Data entries ->
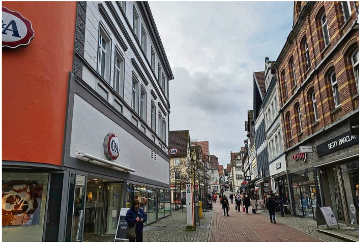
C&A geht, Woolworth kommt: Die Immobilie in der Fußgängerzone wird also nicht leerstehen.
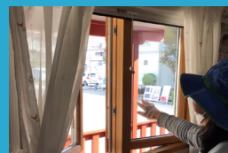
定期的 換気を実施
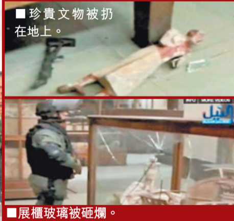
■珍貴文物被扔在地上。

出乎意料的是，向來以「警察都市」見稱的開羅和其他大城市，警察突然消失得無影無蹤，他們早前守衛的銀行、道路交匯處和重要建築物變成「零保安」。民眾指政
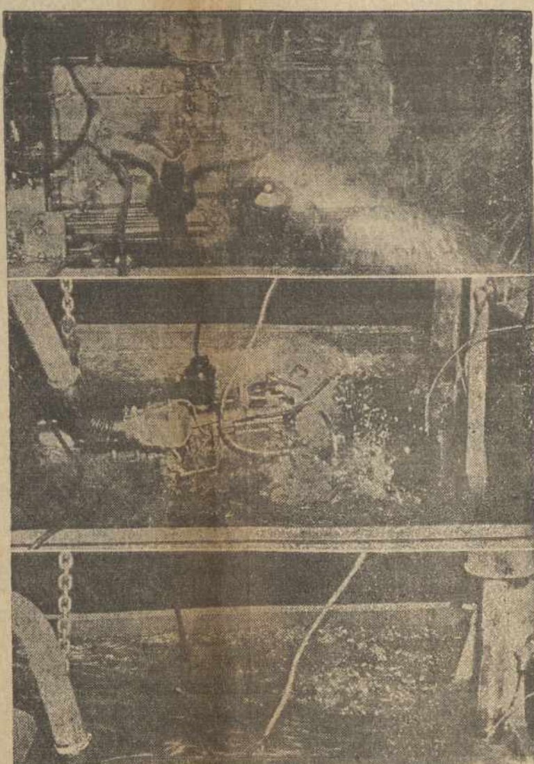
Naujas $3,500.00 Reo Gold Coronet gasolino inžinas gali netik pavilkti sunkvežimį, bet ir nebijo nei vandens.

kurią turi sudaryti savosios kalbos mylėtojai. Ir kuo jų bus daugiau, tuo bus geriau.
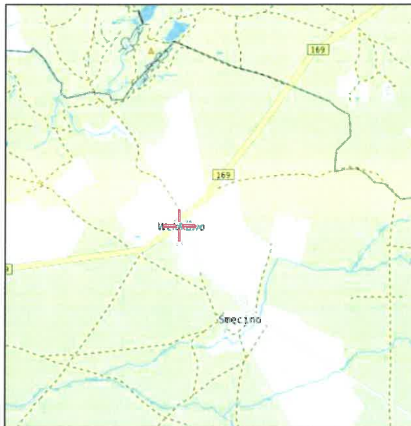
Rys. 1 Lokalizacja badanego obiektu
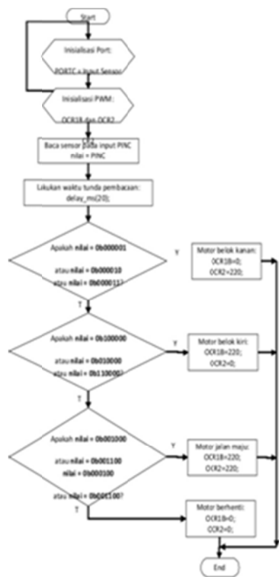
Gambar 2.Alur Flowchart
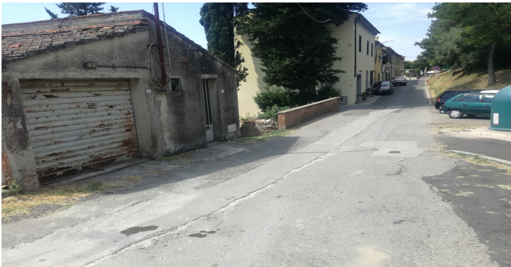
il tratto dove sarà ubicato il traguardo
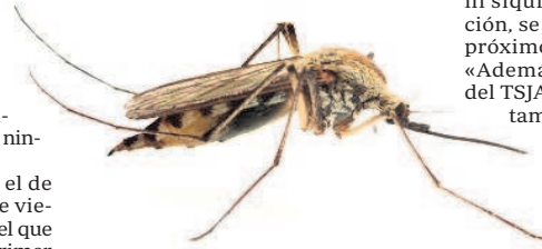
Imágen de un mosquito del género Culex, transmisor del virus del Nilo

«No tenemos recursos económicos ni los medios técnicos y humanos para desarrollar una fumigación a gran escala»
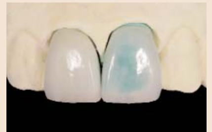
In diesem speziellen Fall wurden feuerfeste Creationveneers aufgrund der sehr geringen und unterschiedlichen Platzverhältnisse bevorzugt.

Work task -> Return exactly, with no pictures, each line from the one that contains "Gambar 2.Alur Flowchart" through the end of the entries above, both ends included.

Exercise response ->
Gambar 2.Alur Flowchart
il tratto dove sarà ubicato il traguardo
Imágen de un mosquito del género Culex, transmisor del virus del Nilo

«No tenemos recursos económicos ni los medios técnicos y humanos para desarrollar una fumigación a gran escala»
In diesem speziellen Fall wurden feuerfeste Creationveneers aufgrund der sehr geringen und unterschiedlichen Platzverhältnisse bevorzugt.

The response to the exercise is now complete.